白昼夢の青写真 雑感

 3つの夢を見る。夢の中で、冴えない非常勤講師と有名小説家の娘とが出会い、パブを営むシェイクスピアと女性座長とが出会い、カメラマン志望の少年と教育実習生とが出会い、物語が動いていく。夢の全てが語られた先に何が待っているのか――

 Laplacian制作のADV。steam版をプレイしましたので、エロシーンはカットされていました。
 
 さて、本作は前半から中盤まではcase 1~3と題された夢が語られます。
 いずれも男女が出会い、創作の悩みに当たりながら縁を深めていくというもの。
 case-1は私小説的なアプローチがされています。主人公はかつて小説家を志しながら挫折したよくいる非常勤国語講師。彼がひょんなことからある有名小説家が遺した部屋と文章に浸るようになり、次第に死に近づいていきながら再び語ることが出来るようになるのか、語るに足る対象を見つけられるのか――というテーマ探しがテーマ。
 case-2は社会構造に翻弄される創作者の抗いが取り上げられます。いずれ世界で最も有名な英文学作家になるシェイクスピアはまだ未熟で、国が許さない女優を夢見る座長に奴隷として買われて劇作家として世に出ていく一歩を踏み出すことになる――という歴史フィクション。その時代の構造の障害――宗教・性別・身分制度に翻弄され、それでもヒロインを想い抗い続けたという熱が描かれます。
 case-3はこれから創作者になろうとする幼年期を取り上げています。母親のようなカメラマンになりたいと志す学生の主人公は母親が計画していたハレー彗星の構図の写真を撮ってカメラマンの第一歩足ろうと学校にも行かずに計画を練っていました。そこに変な女の教育実習生が訪れて、星を撮る夢はあらぬ方向へと転がっていく――と。いまなりたいと思っている未来の形は本心なのか試されながら少年は大人になろうとしていく――これぞ少年時代、これぞ成長物という内容が存分に語られました。
 
 それぞれのcaseを相互に移りながら、どうして夢を見ているのかの疑問が次第に強くなっていき、後半の焦点になっていきます。
 中盤までの感想としては正直、case-1は古臭さがつらくて、case-2はなんちゃってシェイクスピアさがつらくて、進めるのが結構しんどかったのは事実です。
 しかしcase-3が爽快な青春物としてストレートで非常に好みであり、モチベーションは保たれていました。や、外れ者が集まってガレージでわちゃわちゃしながらひと夏を過ごすという形式にそもそも弱いのですが、ヒロインのあっけらかんさとした言動の描き方が見事で、これ単体で取り出しても上位に上げたくなるジュブナイル具合でした。

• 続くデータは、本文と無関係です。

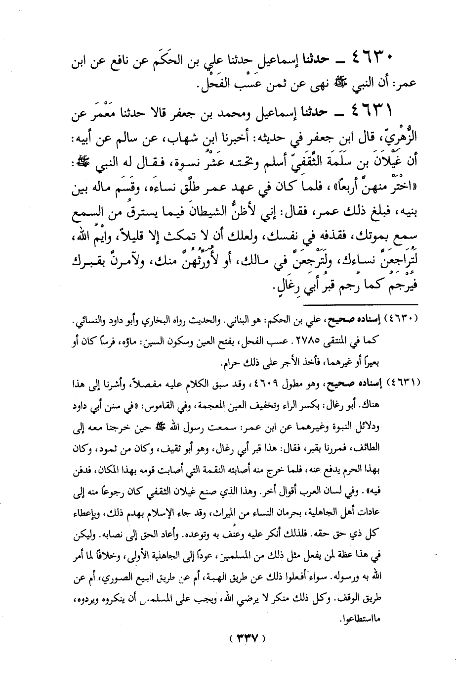 (4631) إسناده صحيح، وهو مطول 4609، وقد سبق الكلام عليه مفصلاً، وأشرنا إلى هذا هناك. أبو رغال: بكسر الراء وتخفيف العين المعجمة، وفي القاموس: "في سنن أبي داود ودلائل النبوة وغيرهما عن ابن عمر: سمعت رسول الله - صلى الله عليه وسلم - حين خرجنا معه إلى الطائف، فمررنا بقبر، فقال: هذا قبر أبي رغال، وهو أبو ثقيف، وكان من ثمود، وكان بهذا الحرم يدفع عنه، فلما خرج منه أصابته النقمة التي أصابت قومه بهذا المكان، فدفن فيه". وفي لسان العرب أقوال أخر. وهذا الذي صنع غيلان الثقفي كان رجوعاً منه إلى عادات أهل الجاهلية، بحرمان النساء من الميراث، وقد جاء الإسلام بهدم ذلك، وبإعطاء كل ذي حق حقه. فلذلك أنكر عليه وعُنف به وتوعده. وأعاد الحق إلى نصابه. وليكن في هذا عظة لمن يفعل مثل ذلك من المسلمين، عوداً إلى الجاهلية الأولى، وخلافاً لما أمر الله به ورسوله. سواء أفعلوا ذلك عن طريق الهبة، أم عن طريق البيع الصوري، أم عن

 そして期待したりしなかったりしながら、全ての明かされる後半へと進んでいき――めがっさ膝を打ちまくりました。
 なるほど。
 これは夢をループして見続けなければならなかったし、コンフリクト――己と己、己と社会、己の希望と現実――を語らなければならなかったし、主人公とヒロインは出会い別れなければならなかったし――とプレイしてきた全てが綺麗に配置されて畳まれていくのは爽快でした。腑に落ちすぎなのは逆に陳腐になる危険性もあるのですが、良い意味で計算高く美しい形を見せてくれるのであれば、それはもうその意図を大いに称えたいところ。
 なにより個人的に、古臭い古典を参照にせざるをえなかった――シェイクスピアでなければならなかったのがやられたという感じでした(100年以上先に語られうるものがたりは何かという答えとして)。

 絵は良かったですし、ボーカルは結構な数あって豪華でしたし、UIはシーンによって変化するという凝りようも好感度高かったです。
 なお要求を言うならTIPSの未読と既読の差が分かりにくいので、NEWは色を変えて欲しかったですね。


 以上。良く出来た秀作で楽しめました。